The resulting food webs displayed both small-world and scale-free network properties, suggesting that impacts on one species might spread to many through short interaction chains, and that while most food web connections are not critical, a small set of fished species support critical structural connections. Gaichas and Francis concluded that ecosystem-based fishery management should, therefore, first focus on protecting the highly connected species in the network to avoid structural impacts of fishing on the food web.

By Sarah Gaichas


BSIERP Modeling Component FEAST

Dr. Kerim Aydin, REEM Program, worked on substantial development of the central modeling component of the North Pacific Research Board (NPRB) Bering Sea Integrated Research Program (BSIERP). The model, FEAST (forage and euphausiid abundance in space and time) couples fish species, particularly forage species, to nutrients and plankton production on the grid of a regional oceanographic model (ROMS).
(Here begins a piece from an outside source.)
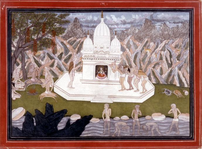 Keywords: Indian - Ascetics Before the Shrine of the Goddess - Walters W859.jpg The five pilgrims are shown engaged in three different activities following the continuous mode of visual narration that has remained a favorite of Indian artists for over two millennia In the foreground they bathe in a river; having cleansed their bodies they pay obeisance to the goddess in the temple; finally they sit in a group below a flowering tree and in the warmth of an improvised fire they say their prayers Each ascetic called sadhaka devotee or siddha empowered in the text has a distinctive physiognomy rendered with convincing naturalism Realistic touches are also evident in the manner in which the garments and rosaries are strewn on the ground and in the depiction of the fire indicative of intense cold at the isolated shrine high in the mountains Indeed the iciness of the atmosphere is further conveyed by the prominent use of cold pastel tones and stark white which gain in intensity from the jutting charcoal gray rocks in the water the patch of green and the orange flowering vines dangling from the tree early Other date century 19 pigments paper cm 36 5 49 2 accession number W 859 26869 John and Berthe Ford Baltimore date and mode of acquisition unknown Walters Art Museum John Berthe Ford 2001 place of origin Kangra Himachal Pradesh India Walters Art Museum license 2D Hindu art in the Walters Art Museum Media contributed by the Walters Art Museum needs category review Hindu sages 19th-century watercolor paintings from India Paintings of India in the Walters Art Museum Rivers of India in art Religious buildings of India in art |

With respect to motile predators (fish and higher trophic levels), FEAST is designed around the "landscape approach" for modeling fish foraging, mortality, and growth. The landscape approach (also known as the dynamic habitat approach) treats the space of a model as a series of layers, each layer defining a different spatial (dynamic) quantification of habitat. For example, a temperature layer, a prey density layer, a prey size layer, and a mortality layer may be used, quantifying any given point for its "growth" or "predation" potential thus determining growth and survival (dynamic state variables) of the fish.

The landscape approach has been successful, for example, at predicting the distance at which fish congregate around a front; in a front between warm and cold water, warm or cold adapted fish will approach the front from either side, stopping where gain from frontal concentrations of prey are cancelled out by thermal stress. This can be a powerful tool for modeling dynamic climate scenarios in which fronts shift, break down, or otherwise change over time.